Entries supplied:
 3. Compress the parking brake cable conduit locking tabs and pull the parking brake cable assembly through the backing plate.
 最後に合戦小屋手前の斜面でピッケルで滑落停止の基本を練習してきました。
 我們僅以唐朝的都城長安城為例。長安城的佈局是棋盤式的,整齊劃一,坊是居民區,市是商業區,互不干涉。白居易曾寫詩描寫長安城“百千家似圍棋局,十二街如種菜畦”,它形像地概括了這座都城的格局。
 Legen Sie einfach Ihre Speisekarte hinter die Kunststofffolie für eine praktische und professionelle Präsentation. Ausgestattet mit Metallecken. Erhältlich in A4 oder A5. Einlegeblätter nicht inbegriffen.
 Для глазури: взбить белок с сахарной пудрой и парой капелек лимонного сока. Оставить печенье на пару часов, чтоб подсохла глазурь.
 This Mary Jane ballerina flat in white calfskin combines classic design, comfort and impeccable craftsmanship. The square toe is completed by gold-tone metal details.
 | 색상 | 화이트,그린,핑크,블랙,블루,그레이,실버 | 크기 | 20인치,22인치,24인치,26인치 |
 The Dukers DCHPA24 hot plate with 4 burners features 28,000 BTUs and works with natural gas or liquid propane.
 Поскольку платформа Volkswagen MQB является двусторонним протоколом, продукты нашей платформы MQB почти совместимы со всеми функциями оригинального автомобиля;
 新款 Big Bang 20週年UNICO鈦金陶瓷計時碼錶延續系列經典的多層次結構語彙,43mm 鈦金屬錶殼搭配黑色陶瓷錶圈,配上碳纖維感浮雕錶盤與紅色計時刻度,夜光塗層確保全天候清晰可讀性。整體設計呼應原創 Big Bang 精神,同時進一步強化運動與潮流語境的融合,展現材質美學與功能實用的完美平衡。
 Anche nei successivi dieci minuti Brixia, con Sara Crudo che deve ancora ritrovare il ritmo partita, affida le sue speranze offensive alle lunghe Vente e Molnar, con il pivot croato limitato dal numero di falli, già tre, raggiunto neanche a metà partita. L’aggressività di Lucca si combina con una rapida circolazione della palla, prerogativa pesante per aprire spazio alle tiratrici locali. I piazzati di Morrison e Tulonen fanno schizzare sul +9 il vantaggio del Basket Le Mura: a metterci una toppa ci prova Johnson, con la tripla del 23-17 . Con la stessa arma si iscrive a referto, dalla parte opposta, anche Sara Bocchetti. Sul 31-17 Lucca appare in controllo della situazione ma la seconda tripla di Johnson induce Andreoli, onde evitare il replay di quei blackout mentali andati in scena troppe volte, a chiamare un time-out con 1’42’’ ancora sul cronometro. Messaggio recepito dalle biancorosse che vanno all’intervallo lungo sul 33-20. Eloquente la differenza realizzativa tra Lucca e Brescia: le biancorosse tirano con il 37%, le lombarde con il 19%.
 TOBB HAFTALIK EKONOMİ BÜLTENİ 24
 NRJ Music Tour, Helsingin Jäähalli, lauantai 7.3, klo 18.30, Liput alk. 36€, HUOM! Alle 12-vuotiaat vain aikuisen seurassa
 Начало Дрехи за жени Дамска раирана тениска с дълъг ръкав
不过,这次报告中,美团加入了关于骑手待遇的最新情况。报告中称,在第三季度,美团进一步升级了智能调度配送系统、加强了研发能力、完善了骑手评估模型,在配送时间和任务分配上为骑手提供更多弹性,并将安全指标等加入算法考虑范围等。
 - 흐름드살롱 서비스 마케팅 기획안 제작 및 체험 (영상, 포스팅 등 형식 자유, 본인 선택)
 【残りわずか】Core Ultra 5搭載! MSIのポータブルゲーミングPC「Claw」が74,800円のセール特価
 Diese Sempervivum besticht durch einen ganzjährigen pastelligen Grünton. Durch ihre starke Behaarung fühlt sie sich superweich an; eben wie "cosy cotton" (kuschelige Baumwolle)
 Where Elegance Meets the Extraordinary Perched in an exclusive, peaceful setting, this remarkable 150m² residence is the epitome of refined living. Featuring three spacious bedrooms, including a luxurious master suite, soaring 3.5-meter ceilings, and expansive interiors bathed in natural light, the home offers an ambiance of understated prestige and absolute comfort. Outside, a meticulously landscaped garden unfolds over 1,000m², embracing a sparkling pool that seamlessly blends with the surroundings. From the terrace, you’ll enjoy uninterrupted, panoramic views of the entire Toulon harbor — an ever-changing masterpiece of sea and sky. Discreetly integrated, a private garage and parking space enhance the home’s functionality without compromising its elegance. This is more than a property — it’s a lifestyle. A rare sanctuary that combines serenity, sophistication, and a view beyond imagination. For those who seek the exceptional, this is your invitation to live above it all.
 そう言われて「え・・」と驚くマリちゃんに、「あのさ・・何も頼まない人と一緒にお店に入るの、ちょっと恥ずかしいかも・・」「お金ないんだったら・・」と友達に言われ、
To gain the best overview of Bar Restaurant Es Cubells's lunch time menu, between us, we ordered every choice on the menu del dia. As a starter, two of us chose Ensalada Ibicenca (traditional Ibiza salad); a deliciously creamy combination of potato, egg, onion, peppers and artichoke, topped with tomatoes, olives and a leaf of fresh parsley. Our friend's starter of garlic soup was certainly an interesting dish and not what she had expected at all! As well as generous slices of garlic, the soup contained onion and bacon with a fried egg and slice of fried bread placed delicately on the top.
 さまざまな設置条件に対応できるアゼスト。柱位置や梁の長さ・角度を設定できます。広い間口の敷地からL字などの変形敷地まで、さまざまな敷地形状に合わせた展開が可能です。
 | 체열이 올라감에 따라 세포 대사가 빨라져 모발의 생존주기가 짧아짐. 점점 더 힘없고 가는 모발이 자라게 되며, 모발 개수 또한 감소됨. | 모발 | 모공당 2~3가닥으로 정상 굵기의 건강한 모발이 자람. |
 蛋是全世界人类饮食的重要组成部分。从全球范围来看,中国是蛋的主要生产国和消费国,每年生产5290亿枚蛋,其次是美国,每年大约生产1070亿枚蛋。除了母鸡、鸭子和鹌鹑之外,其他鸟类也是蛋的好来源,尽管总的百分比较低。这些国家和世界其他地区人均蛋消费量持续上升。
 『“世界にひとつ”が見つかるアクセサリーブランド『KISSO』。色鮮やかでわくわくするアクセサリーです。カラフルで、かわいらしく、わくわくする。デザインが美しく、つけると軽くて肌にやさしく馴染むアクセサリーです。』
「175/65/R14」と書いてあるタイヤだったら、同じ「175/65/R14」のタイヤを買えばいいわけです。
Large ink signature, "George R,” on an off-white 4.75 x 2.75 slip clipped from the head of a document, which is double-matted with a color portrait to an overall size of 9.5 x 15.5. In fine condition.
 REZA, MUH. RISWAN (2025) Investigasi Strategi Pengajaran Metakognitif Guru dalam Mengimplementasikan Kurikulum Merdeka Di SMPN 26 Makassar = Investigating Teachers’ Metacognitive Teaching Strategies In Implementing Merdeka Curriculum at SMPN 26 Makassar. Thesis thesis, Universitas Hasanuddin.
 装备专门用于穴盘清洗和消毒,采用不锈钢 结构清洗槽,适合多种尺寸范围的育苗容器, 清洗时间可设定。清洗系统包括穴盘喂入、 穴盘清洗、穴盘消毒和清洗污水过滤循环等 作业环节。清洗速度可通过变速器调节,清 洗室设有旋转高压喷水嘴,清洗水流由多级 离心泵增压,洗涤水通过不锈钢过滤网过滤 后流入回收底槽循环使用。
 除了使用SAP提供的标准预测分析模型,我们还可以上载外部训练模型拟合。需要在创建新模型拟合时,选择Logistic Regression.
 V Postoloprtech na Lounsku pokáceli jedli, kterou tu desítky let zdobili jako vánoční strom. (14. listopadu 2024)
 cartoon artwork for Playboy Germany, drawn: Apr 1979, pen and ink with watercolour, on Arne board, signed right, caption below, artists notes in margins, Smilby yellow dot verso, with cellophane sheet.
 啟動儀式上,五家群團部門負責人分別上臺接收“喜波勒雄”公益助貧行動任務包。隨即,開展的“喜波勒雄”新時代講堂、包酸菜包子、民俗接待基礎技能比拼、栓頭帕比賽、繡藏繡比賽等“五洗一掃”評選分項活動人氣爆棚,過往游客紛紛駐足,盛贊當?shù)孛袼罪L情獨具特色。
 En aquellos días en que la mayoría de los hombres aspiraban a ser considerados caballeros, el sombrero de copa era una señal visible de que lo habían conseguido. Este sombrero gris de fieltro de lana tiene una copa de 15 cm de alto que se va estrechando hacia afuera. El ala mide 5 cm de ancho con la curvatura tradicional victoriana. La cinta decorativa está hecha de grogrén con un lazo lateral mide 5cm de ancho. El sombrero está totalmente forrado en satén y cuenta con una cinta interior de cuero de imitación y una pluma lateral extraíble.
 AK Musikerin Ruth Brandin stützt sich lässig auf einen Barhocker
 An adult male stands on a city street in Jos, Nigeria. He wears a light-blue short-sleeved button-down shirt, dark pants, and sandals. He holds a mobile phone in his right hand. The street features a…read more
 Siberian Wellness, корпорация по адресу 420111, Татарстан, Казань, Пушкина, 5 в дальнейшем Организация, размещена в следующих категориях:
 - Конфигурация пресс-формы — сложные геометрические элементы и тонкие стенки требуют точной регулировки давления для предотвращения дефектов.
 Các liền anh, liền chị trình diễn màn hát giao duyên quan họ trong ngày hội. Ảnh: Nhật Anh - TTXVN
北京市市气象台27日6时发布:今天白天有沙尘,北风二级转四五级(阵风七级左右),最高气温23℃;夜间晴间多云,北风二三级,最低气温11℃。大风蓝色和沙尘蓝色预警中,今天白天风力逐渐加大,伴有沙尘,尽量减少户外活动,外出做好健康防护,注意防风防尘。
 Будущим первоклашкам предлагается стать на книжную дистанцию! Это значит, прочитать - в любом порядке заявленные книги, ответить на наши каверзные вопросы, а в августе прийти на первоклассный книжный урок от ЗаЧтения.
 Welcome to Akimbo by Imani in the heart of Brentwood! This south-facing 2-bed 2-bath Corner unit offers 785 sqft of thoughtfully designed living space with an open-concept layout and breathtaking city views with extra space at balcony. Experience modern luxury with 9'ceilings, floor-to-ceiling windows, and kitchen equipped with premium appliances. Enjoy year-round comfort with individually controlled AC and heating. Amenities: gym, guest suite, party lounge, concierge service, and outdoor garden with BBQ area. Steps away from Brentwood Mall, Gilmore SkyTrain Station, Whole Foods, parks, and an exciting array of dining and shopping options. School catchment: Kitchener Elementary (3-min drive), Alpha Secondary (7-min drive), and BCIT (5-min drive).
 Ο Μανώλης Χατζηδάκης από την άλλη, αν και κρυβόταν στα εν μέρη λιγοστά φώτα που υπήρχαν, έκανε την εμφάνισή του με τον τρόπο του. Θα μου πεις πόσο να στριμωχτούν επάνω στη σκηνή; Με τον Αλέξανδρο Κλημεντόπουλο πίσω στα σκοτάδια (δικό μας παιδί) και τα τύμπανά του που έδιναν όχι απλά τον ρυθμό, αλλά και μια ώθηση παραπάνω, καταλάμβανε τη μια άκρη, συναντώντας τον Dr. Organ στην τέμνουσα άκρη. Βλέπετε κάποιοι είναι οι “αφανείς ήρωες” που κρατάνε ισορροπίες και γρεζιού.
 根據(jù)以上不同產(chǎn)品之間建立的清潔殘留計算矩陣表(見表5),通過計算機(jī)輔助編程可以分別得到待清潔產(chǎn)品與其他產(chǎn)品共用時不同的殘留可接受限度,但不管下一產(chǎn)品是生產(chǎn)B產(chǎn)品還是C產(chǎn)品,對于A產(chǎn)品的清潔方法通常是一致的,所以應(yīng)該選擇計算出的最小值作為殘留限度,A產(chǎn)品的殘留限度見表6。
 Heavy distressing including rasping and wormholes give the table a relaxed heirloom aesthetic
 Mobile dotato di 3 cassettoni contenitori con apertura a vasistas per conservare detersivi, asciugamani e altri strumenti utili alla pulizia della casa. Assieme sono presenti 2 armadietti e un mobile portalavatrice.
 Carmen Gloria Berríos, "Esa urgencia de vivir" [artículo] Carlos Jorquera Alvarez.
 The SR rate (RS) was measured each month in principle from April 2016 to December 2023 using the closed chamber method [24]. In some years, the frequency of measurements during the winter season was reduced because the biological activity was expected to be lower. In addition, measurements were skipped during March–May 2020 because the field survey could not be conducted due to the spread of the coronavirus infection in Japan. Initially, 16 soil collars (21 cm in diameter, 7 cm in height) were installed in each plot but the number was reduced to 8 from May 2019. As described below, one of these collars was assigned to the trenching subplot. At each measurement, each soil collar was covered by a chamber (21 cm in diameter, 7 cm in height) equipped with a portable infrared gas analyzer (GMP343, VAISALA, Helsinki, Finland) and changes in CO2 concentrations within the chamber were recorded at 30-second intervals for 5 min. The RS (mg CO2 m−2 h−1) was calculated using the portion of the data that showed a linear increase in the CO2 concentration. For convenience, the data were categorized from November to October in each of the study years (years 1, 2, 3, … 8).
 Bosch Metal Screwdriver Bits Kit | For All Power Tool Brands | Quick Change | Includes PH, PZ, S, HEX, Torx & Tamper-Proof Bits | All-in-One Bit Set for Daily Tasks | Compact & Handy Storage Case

What is being asked: Output each line exactly, from the first line of the data down to the line that contains "我們僅以唐朝的都城長安城為例", both included.

Task answer:
 3. Compress the parking brake cable conduit locking tabs and pull the parking brake cable assembly through the backing plate.
 最後に合戦小屋手前の斜面でピッケルで滑落停止の基本を練習してきました。
 我們僅以唐朝的都城長安城為例。長安城的佈局是棋盤式的,整齊劃一,坊是居民區,市是商業區,互不干涉。白居易曾寫詩描寫長安城“百千家似圍棋局,十二街如種菜畦”,它形像地概括了這座都城的格局。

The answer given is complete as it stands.